>>>

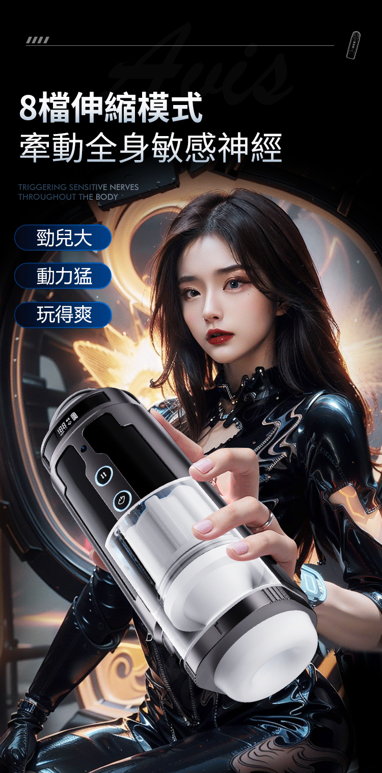 8檔伸縮設計,為您帶來更加真實的感受。隨著伸縮功能的啟動,您可以感受到飛機杯仿佛活生生的在您手中與您共鳴,帶來一種前所未有的刺激感受。
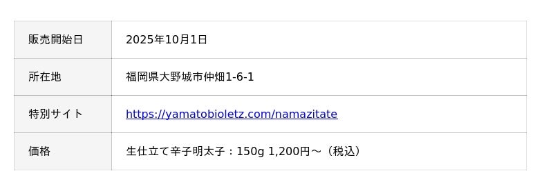 株式会社ヤマトバイオレッツ(本社:福岡県大野城市/ふくやグループ/代表取締役:梁川 剛一、以下 当社)は、製造全工程において一切冷凍処理を行わない「生仕立て辛子明太子」の通信販売を、2025年10月1日より開始いたしました。
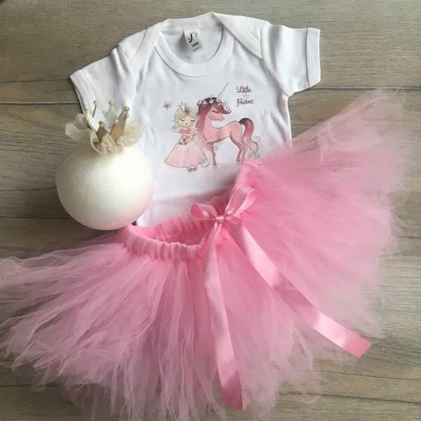 Babafotózáshoz ideális Little princess feliratos body, rózsaszínű tütü szoknya, rózsaszín selyem szalaggal és arany korona fejpánttal . Ez a babaruha fotózási kellék, mindennapi használatra nem ajánlott. A szett rövid ujjú fazonnal készül, a készleten lévő méret kiválasztásánál kérjük ellenőrizze a body fazonját. A felirat matricával került a bodyra, mosás után a matrica közvetlenül nem vasalható csak kifordított állapotban. A tütü gumis derekú, a pontos méretek az életkor kiválasztása után jelennek meg, ezután tudja kosárba helyezni a szettet. Ha más méretben szeretne rendelni, kérem emailben érdeklődjön.
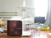 韩国有个牌子,叫惠人原汁机,很多人都说这个牌子的机器好,研究了一下它所谓的石臼式磨制技术,其实就是和咱们农村以前磨豆机、磨香油原理其实是差不多的,碾压将果汁挤出,技术虽然原理土鳖,不过倒是真的是超实用,不过看过价格真不是一般的职业穷人能接受的。万能的淘宝总是会给一些惊喜,找到一个100%%山寨货,不过女王大人觉得不放心(觉得很贵,一个山寨货也敢卖近600元),遂放弃。
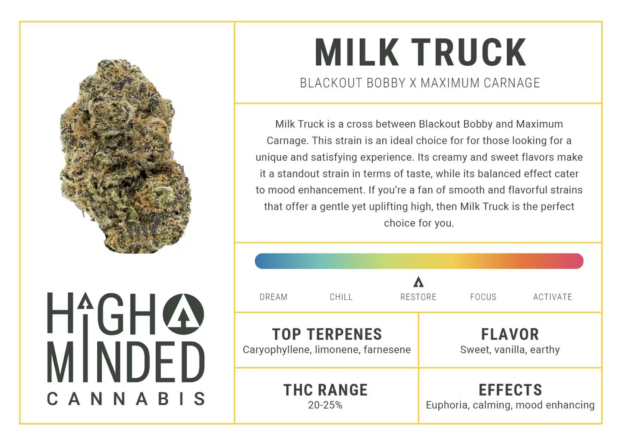 Milk Truck is a cross between Blackout Bobby and Maximum Carnage. This strain is an ideal choice for for those looking for a unique and satisfying experience. Its creamy and sweet flavors make it a standout strain in terms of taste, while its balanced effect cater to relaxation and mood enhancement. If you're a fan of smooth and flavorful strains that offer a gentle yet uplifting high, then Milk Truck is the perfect choice for you.
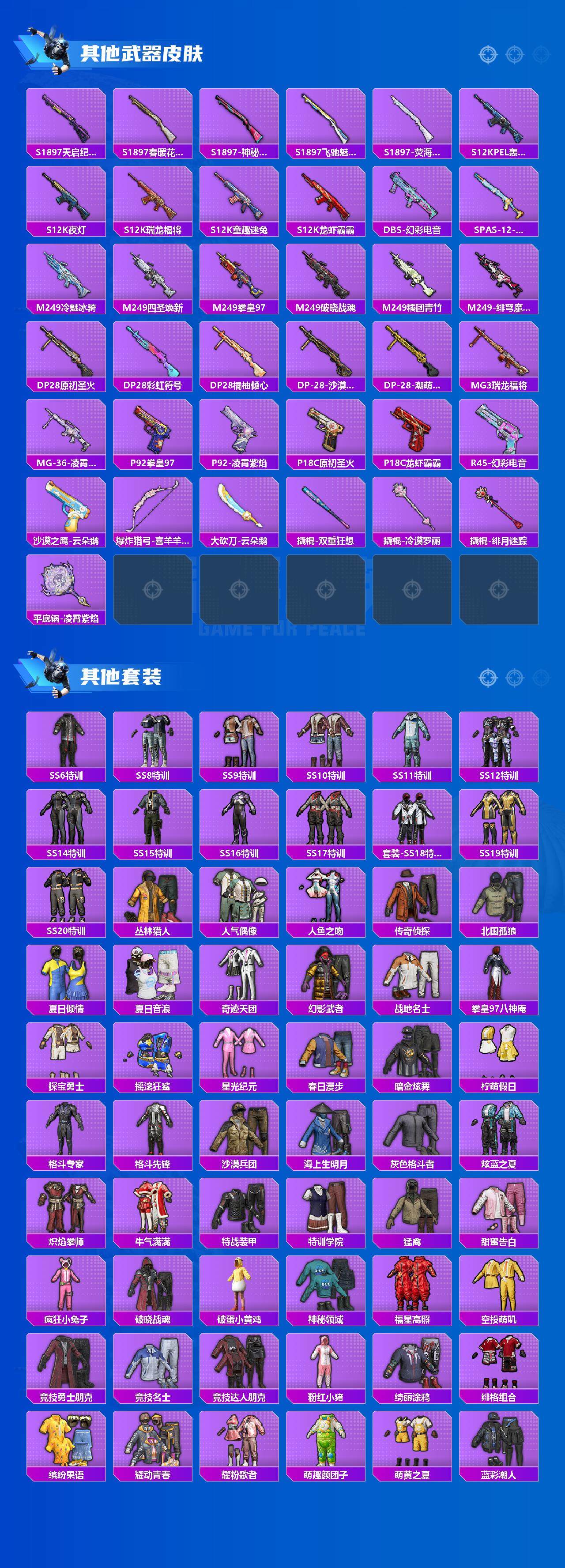 - [11288658]2粉装 2特效枪 9印记 可二次 可修改实名 优质装备:冰霜白皇,AMR炫光之旅,Kar98K-巳巳如意 热门装扮:水仙星 六级特效枪:六级AMR-炫光之旅 一级特效枪:一级Kar98K-巳巳如意 紫色装扮:北国孤狼,青涩时光,SS33特训套装,SS15特训,SS16特训,SS13特训,超能拳王,SS14特训,SS17特训,SS18特训,吉莉礼服,长空猛禽,雪山精英,霓虹街区,蓝彩潮人,蓝色运动,血色贵族,龙的传人,魅力单车,黄色名流,黑色伏地魔,深蓝色名流,疯狂小兔子,破晓战魂,破蛋小黄鸡,福星高照,空岛之星,竞技勇士朋克,竞技达人朋克,猛禽,灼焰舞者,牛气满满,特战英豪,巳巳如意,竞技名士,惊鸿侠骨,SS25特训,锦衣飞扬,无暇誓言,SS26特训,春光漫游,快闪甜心,SS6特训,SS7特训,清香五月粽,SS8特训,SS12特训,SS10特训,SS9特训,SS11特训,耀粉歌者,SS32特训服(SS32特训套装),绯格组合 优质战备:圣堂之誓降落伞,闲梦青缨降落伞,炫光之旅降落伞,王牌四分卫降落伞
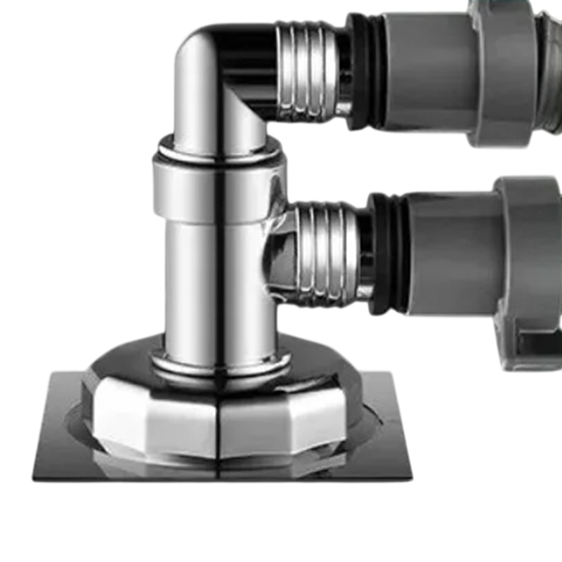 Denna dubbla roterande T-koppling för golvavlopp för tvättmaskin är designad för säker och pålitlig anslutning av avloppsslangar från tvättmaskin, diskmaskin eller avfallskvarn direkt till golvavloppet. Tack vare den förkromade ytan är kopplingen motståndskraftig mot korrosion och mekaniskt slitage, vilket säkerställer lång livslängd och ett modernt utseende. Den roterande mekanismen möjliggör flexibel placering av slangarna och stödjer gravitationstvättning, så att avloppsvattnet effektivt leds bort till avloppssystemet utan bakflöde.
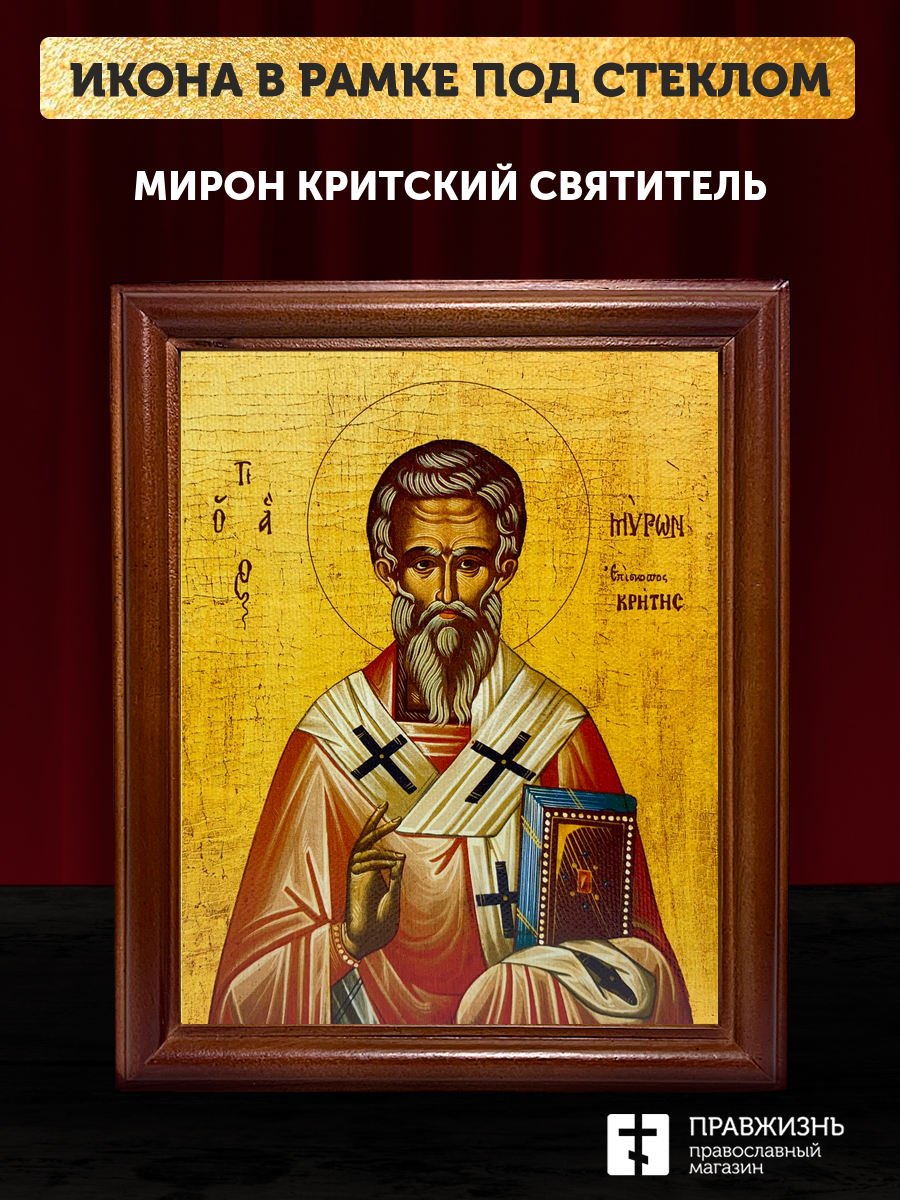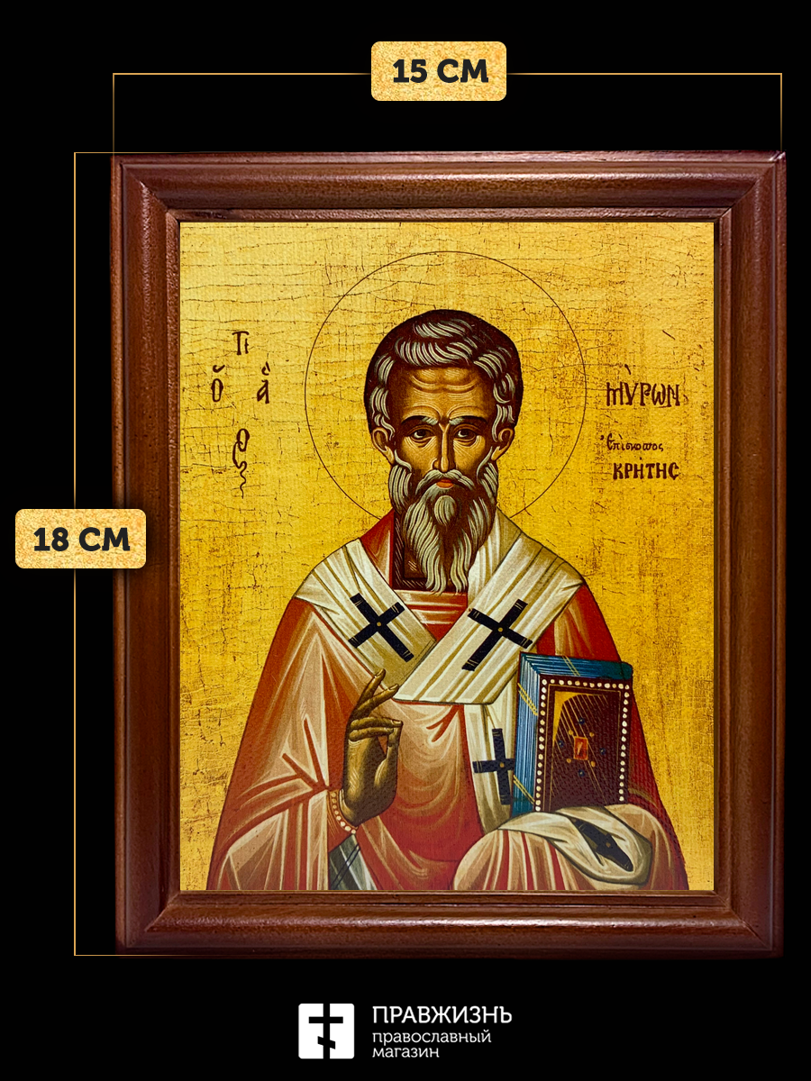 Икона Мирон Критский святитель, деревянная рамка со стеклом 15х18х2 см 175
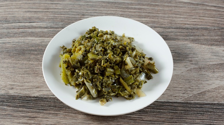 Made from the leaves of the amaranth, dasheen, or taro plant, callaloo gets its unique depth of flavor from a slow simmer with aromatic ingredients like onions, garlic, and thyme, sometimes with the addition of coconut milk or crab meat. If you're attempting to make callaloo at home, finding the correct combination of leafy vegetables can prove a challenge. In some recipes, callaloo refers to both the name of the dish and the plant used to make it, while others name specific leafy greens. Either way, these tropical plants can be difficult to come by stateside, and many recipes will suggest using a blend of spinach and collard greens to achieve a similar texture. Just be sure to order a traditional bowl of callaloo during your next visit to a Caribbean paradise.
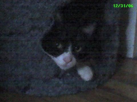 Kitty cuddles up in the cat house.
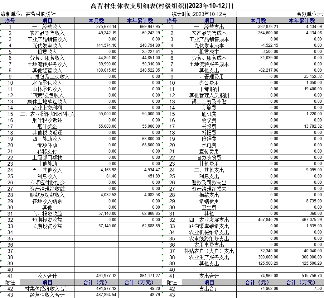 大由鄉(xiāng)高背村2023年10-12月收支明細
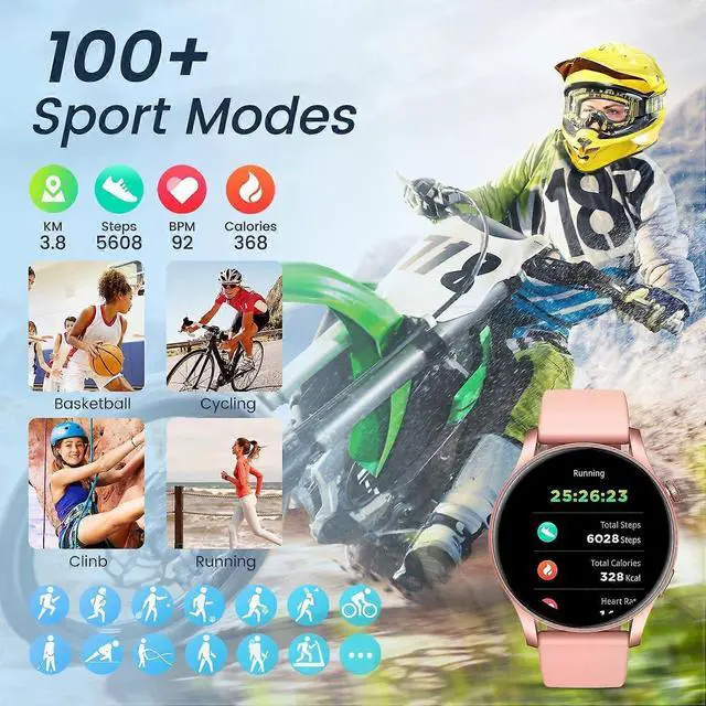 100+ sports modes for activities like running, cycling, and basketball with IP67 waterproof rating
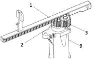 具体地,本实施例中的吻合器驱动装置包括驱动组件、开关控制组件以及安全控制组件,其中,驱动组件用于驱动吻合器的执行组件8,驱动组件包括驱动齿条1和用于驱动驱动齿条1的驱动电机9;作为一种优选的实施例,本实施例中,驱动电机9对驱动齿条1驱动的具体方式为驱动组件还包括驱动齿轮2和过渡齿轮3,驱动齿轮2与驱动电机9输出轴驱动连接,过渡齿轮3同时与驱动齿轮2以及驱动齿条1啮合。Specifically, the stapler drive device in this embodiment includes a drive assembly, a switch control assembly, and a safety control assembly, wherein the drive assembly is used to drive the
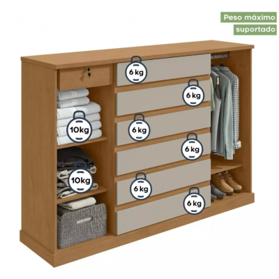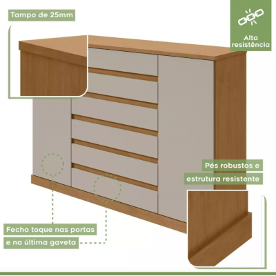 Dresser Vedra offers luxury and organization with 2 doors and 7 spacious drawers. Its refined design and premium finish stand out, providing elegance and functionality to your space. Choose the dresser was for a complete and sophisticated storage solution.
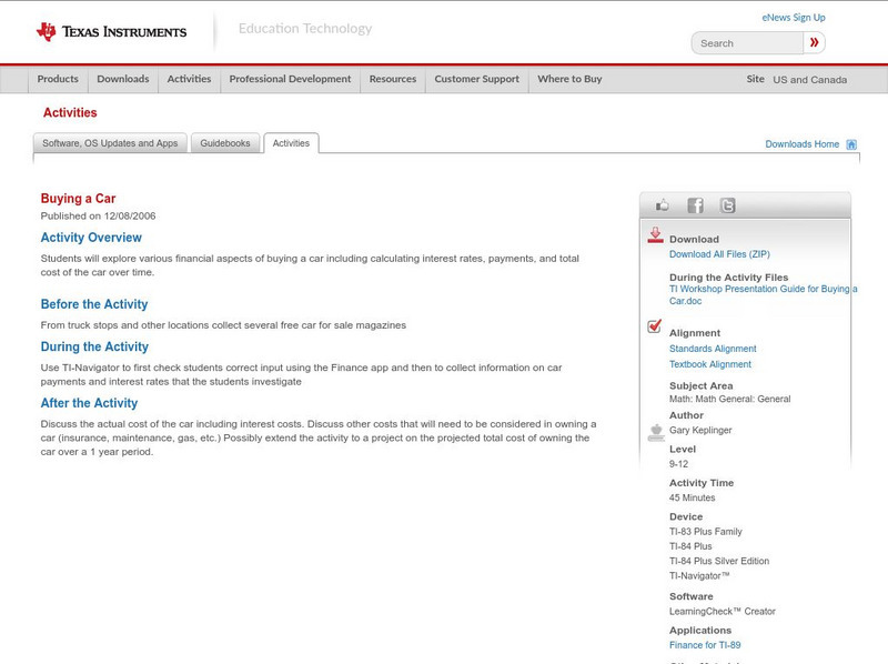 Students will explore various financial aspects of buying a car including calculating interest rates, payments, and total cost of the car over time.
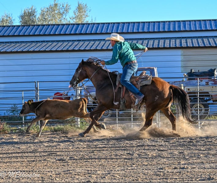 🍂 𝓐𝓾𝓽𝓾𝓶𝓷 𝑨𝑳𝑳 𝑺𝑻𝑨𝑹 𝑳𝑰𝑵𝑬𝑼𝑷 🍂 Happening now thru MONDAY | OCTOBER 6th - Available EXCLUSIVELY on HorseBid's website! For more details and to register visit: www.Horsebid.com CONSIGNOR CONTACT: 4 Spades Ranch 208-705-6540 LOCATION: Rigby, ID BREED: Quarter Horse REGISTERED: Yes REGISTERED NAME: GB Hickory Boon 2015 COLOR: Sorrel HEIGHT: 15.2 AGE: 10 GENDER: Gelding Crown is a 10-year-old, solid-as-a-rock gelding—the kind of horse that shows up every single day. Standing 15 hands, he’s done it all: heading, heeling, ranch work, hauled to World Series, team ropings, junior rodeos, jackpots, and the nightly rodeo. Crown fits a wide variety of ropers because he is forgiving and easy to ride. We’ve gathered bulls and cows on him, hauled him to state parks to watch the elk bugle, and even used him as a pick-up horse for the junior wild pony races. He’s my 12-year-old’s go-to horse, the one he trusts completely—even rode him with a broken hand and foot because he knew Crown was his safety net. My 8-year-old gathers yearlings bareback on him without a worry in the world. We use him to move pastures. He is defiantly the barn favorite around the ranch. Crown is steady, dependable, and has never once tried to jump or spook. Crown has that “grandpa style” walk—head down, reins swinging, and big steps that carry you where you need to go. If you’re looking for a trustworthy partner with miles of experience, this is the horse.
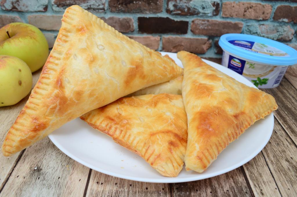 Я очень люблю выпечку из покупного слоёного теста. Ведь, не тратя много времени на кухне, можно достаточно быстро подать к столу разнообразные слойки. В этот раз решила испечь слойки с начинкой из творожного сыра и яблок. Вкус этой выпечки очень понравился моей семье. Сочная, нежная творожно-яблочная начинка идеально сочетается с воздушным, приятно похрустывающим слоёным тестом. Съедаются такие слойки за один присест, так что сразу пеките двойную порцию!

<<<

### Work order
Line for line, output the entries above from the line with "大由鄉(xiāng)高背村2023年10-12月收支明細" to the line with "Students will explore", both included, and nothing more. Skip pictures.

### Output
 大由鄉(xiāng)高背村2023年10-12月收支明細
 100+ sports modes for activities like running, cycling, and basketball with IP67 waterproof rating
 具体地,本实施例中的吻合器驱动装置包括驱动组件、开关控制组件以及安全控制组件,其中,驱动组件用于驱动吻合器的执行组件8,驱动组件包括驱动齿条1和用于驱动驱动齿条1的驱动电机9;作为一种优选的实施例,本实施例中,驱动电机9对驱动齿条1驱动的具体方式为驱动组件还包括驱动齿轮2和过渡齿轮3,驱动齿轮2与驱动电机9输出轴驱动连接,过渡齿轮3同时与驱动齿轮2以及驱动齿条1啮合。Specifically, the stapler drive device in this embodiment includes a drive assembly, a switch control assembly, and a safety control assembly, wherein the drive assembly is used to drive the
 Dresser Vedra offers luxury and organization with 2 doors and 7 spacious drawers. Its refined design and premium finish stand out, providing elegance and functionality to your space. Choose the dresser was for a complete and sophisticated storage solution.
 Students will explore various financial aspects of buying a car including calculating interest rates, payments, and total cost of the car over time.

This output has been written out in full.